Start of Data to process

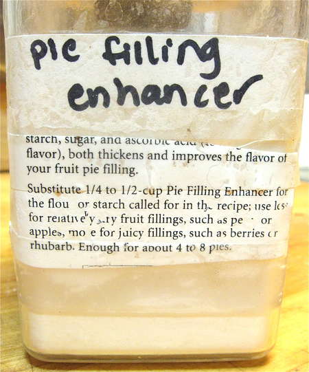 As you can see, I use our pie filling enhancer a lot. I like it because it includes a bit of ascorbic acid, both for flavor, and to help retain fruit color; and when you mix it into the fruit, it doesn't clump like cornstarch or flour, and you don't have to wait for it to dissolve, like tapioca.
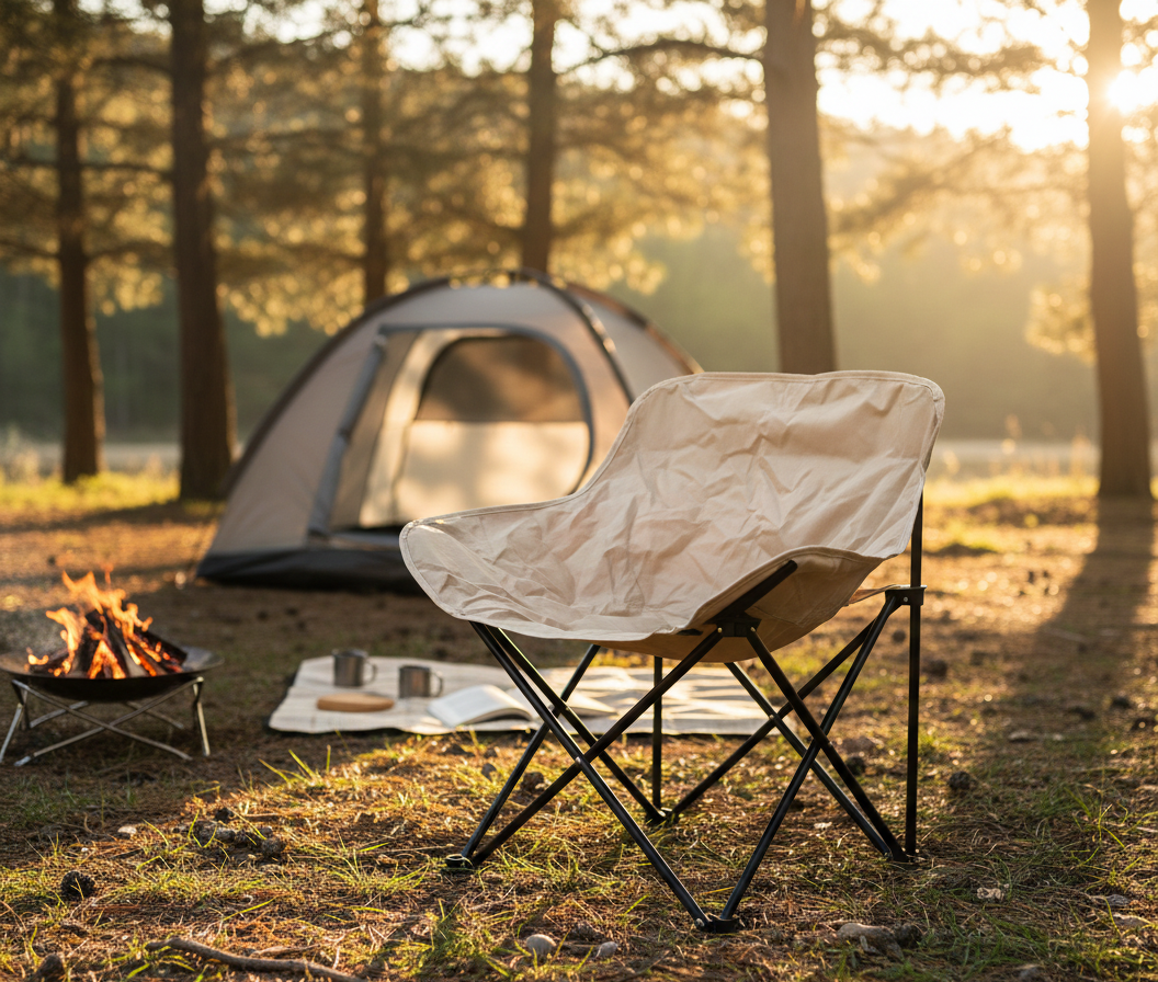 A practical and portable camping chair featuring a beige fabric seat supported by a black metal frame. This lightweight folding chair offers a comfortable seating solution for outdoor activities, camping trips, and recreational use.
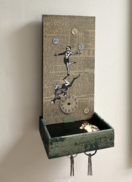 I use salvaged materials and vintage to create my pieces. I use mostly cold connections (nails, screws, wire) to combine the materials and a decoupage like process to protect the images.
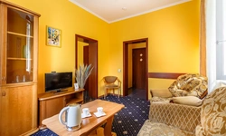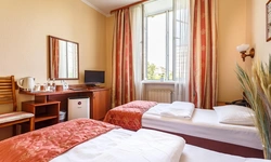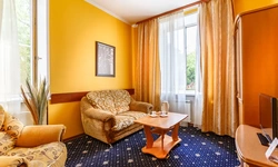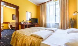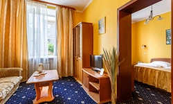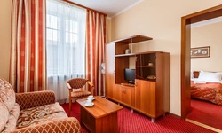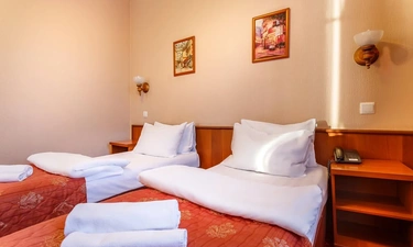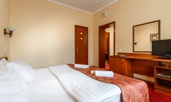 Номер изрядно изношен . Ковролин в пятнах, на стенах пятна . На вентиляции в ванной грязь так вообще свисает. Стул так весь в пятнах. Вообще в целом номер грязный . Указан красивый вид - зачем вводить в заблуждение (на будущее соседняя панелька и деревья это не красивый вид). Шторы явно меньше по размерам чем сами окна. Номер на 4 этаже - лифт не работает и конечно же никто об этом не предупредил. Прожжённое покрывало , забытая бутылка пива в холодильнике. Из мелочей - нет доводчиков на шкафе, разные лампочки, а где то и вовсе не горят. Один пакетик геля для душа и шампуни на 2 дня! Мыло какое-то неприятное (по ощущением лежало оно уже очень давно где-то). Подушки давно пора заменить (они очень тонкие), вечером в общем коридоре и на лестничной площадке света нет. Итог иметь такую гостиницу за 4к в сутки в Москве на ВДНХ это стыдно . Ощущение дешевой поселковой гостиницы.
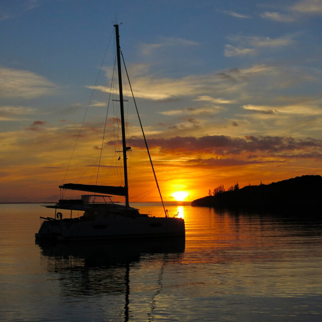One of the many great joys of sailing for me is exploring beautiful places that are hard to reach by land, and hence are unspoiled and more or less unpopulated except perhaps by wildlife. Sunsets over the ocean have a knack of being particularly spectacular too, and the combination of a special location, good company, and a sunset like this one in the Bahamas combine to make wonderful memories.
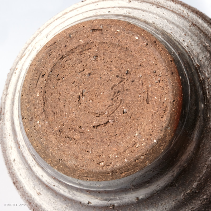Die unglasierte Oberfläche macht den Charakter, oder Geschmack, des Tons unmittelbar erfahrbar. Er zeigt sich rau, erdig und von besonderer haptischer Qualität. Spuren des Feuers aus dem Anagama-Holzbrand sind ebenso erkennbar: eine leicht verdunkelte Partie verweist auf den Rauchpfad im Brand, während natürliche Ascheglasur feinen Glanz hervorbringt.
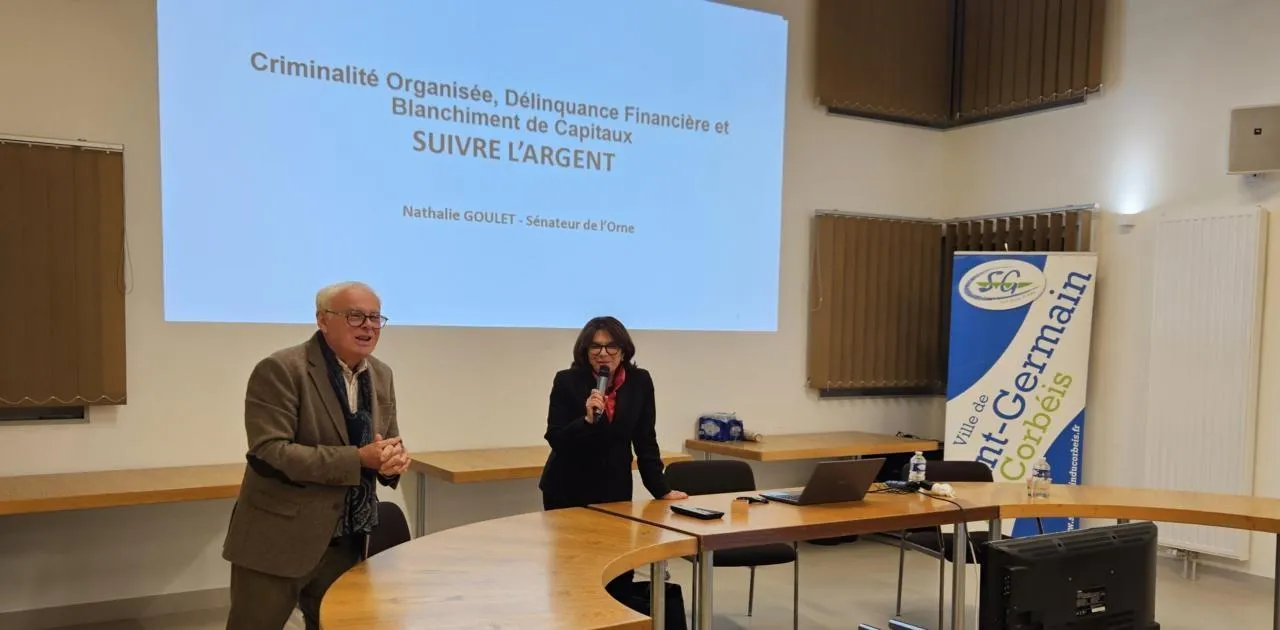 La sénatrice Nathalie Goulet a présenté ses travaux parlementaires sur la délinquance financière et la criminalité organisée, vendredi, à la mairie, devant une vingtaine de personnes, notamment les deux candidats à la mairie, Étienne Lefebvre et Marc-Antoine Malfilâtre.
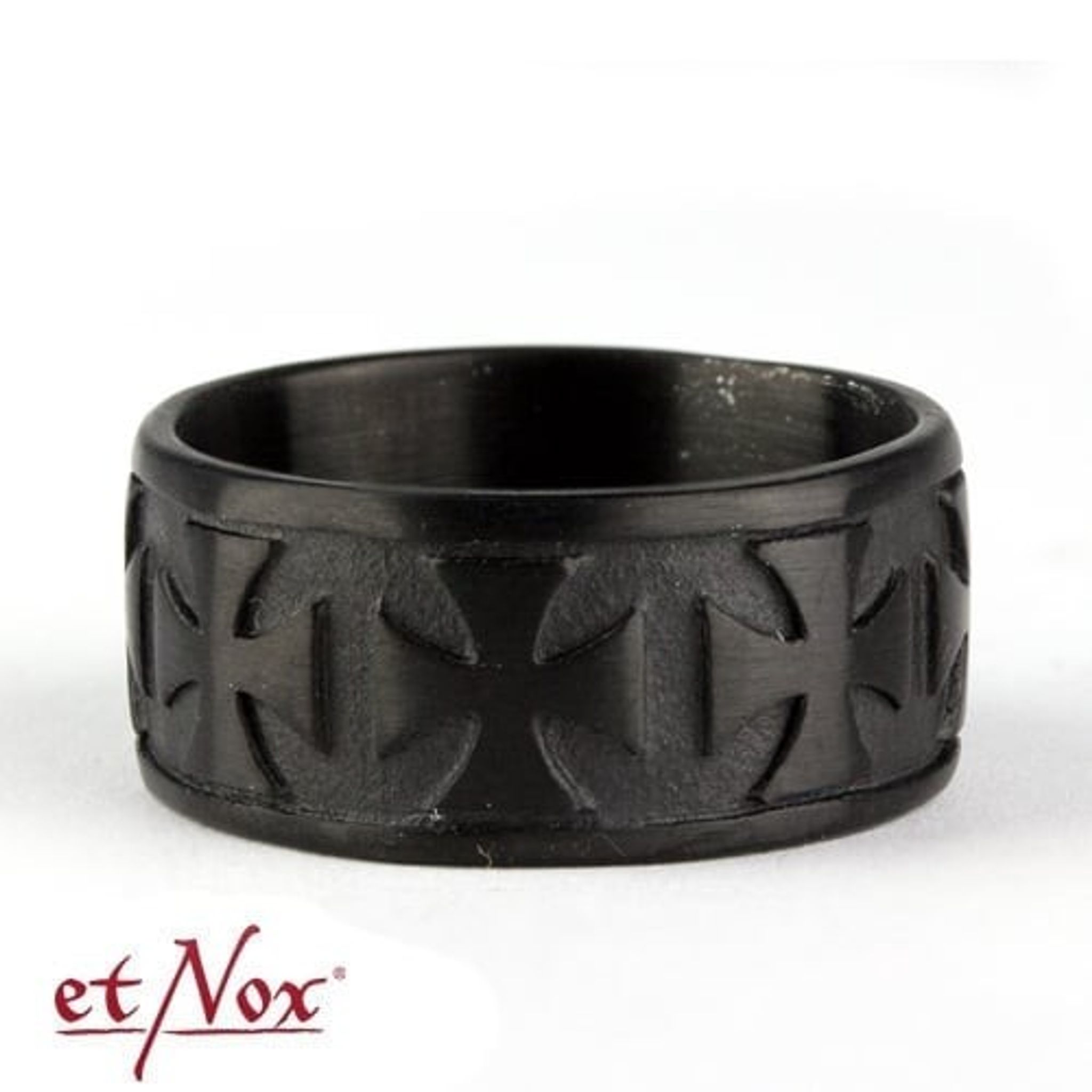 A black ring with a cross all around the ring. The ring is made of stainless steel.

End of Data to process

[Problem to work on] In the data above, retype only the stretch from the line with "A practical and" through the line with "I use salvaged", word for word, and skip any pictures.

[Result of this task]
 A practical and portable camping chair featuring a beige fabric seat supported by a black metal frame. This lightweight folding chair offers a comfortable seating solution for outdoor activities, camping trips, and recreational use.
 I use salvaged materials and vintage to create my pieces. I use mostly cold connections (nails, screws, wire) to combine the materials and a decoupage like process to protect the images.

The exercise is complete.